This Anglo-Saxon Cemetery Is Filled With Corpses’ Ghostly Silhouettes

All that remains of several individuals buried in a 1,400-year-old graveyard are shadowy traces of their skeletons

anglo-saxon burial
A newly discovered Anglo-Saxon cemetery in Oulton, England, includes more than 200 graves. Suffolk County Council

Archaeologists in Suffolk, England, have discovered an Anglo-Saxon cemetery containing more than 200 graves dating back to the seventh century, reports BBC News.

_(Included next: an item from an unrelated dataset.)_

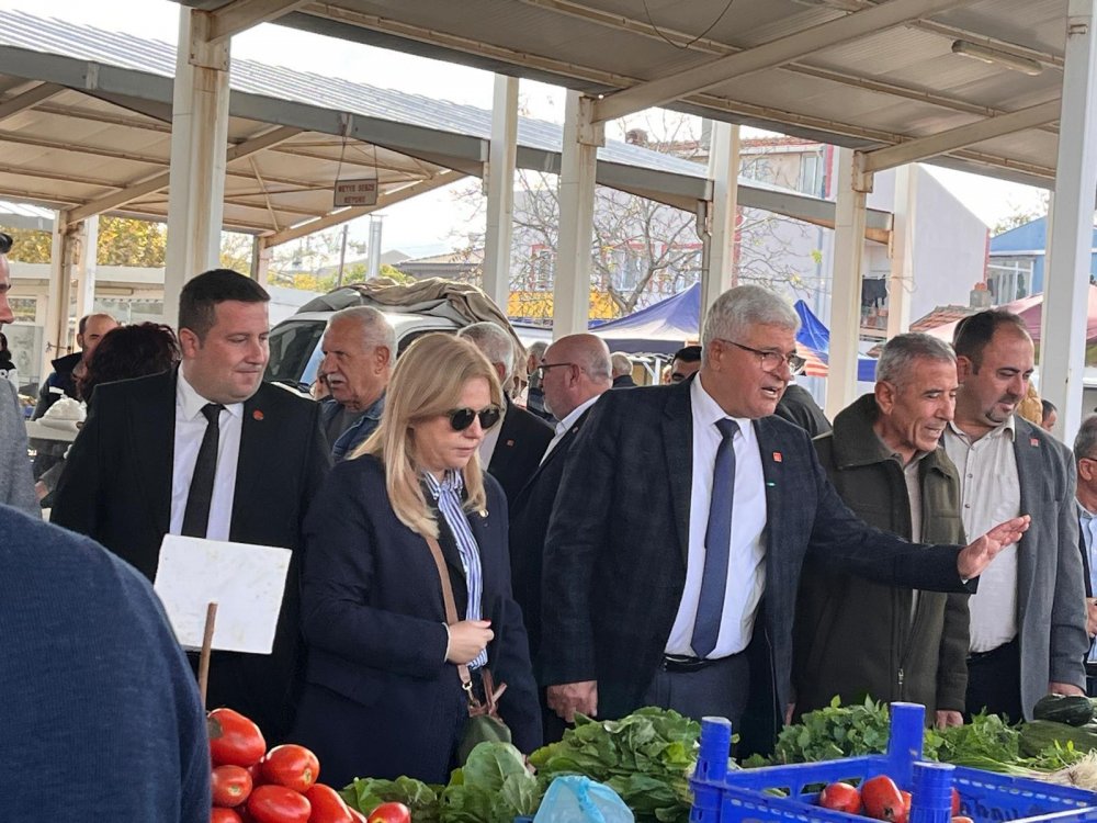 Ziyaretin ardından halk pazarını gezen CHP heyeti, vatandaşlarla sohbet ederek ekonomik kriz karşısında yaşanan sıkıntıları yerinde dinledi.

Excavations took place in the town of Oulton ahead of construction of a new housing development, notes Jasper King for the Lowestoft Journal. The burial site, which includes the remains of men, women, children and infants, testifies to the existence of a small farming community.

The site is contemporaneous with and located near Sutton Hoo, a famous royal burial ground that rewrote historians’ understanding of the supposed “Dark Ages” with its trove of sophisticated treasures, according to the National Trust.

Sutton Hoo, discovered in 1939, features two cemeteries dated to the sixth and seventh centuries. Like the individuals responsible for Sutton Hoo, the community behind the cemetery in Oulton may have had ties to the Kingdom of East Anglia, per a statement.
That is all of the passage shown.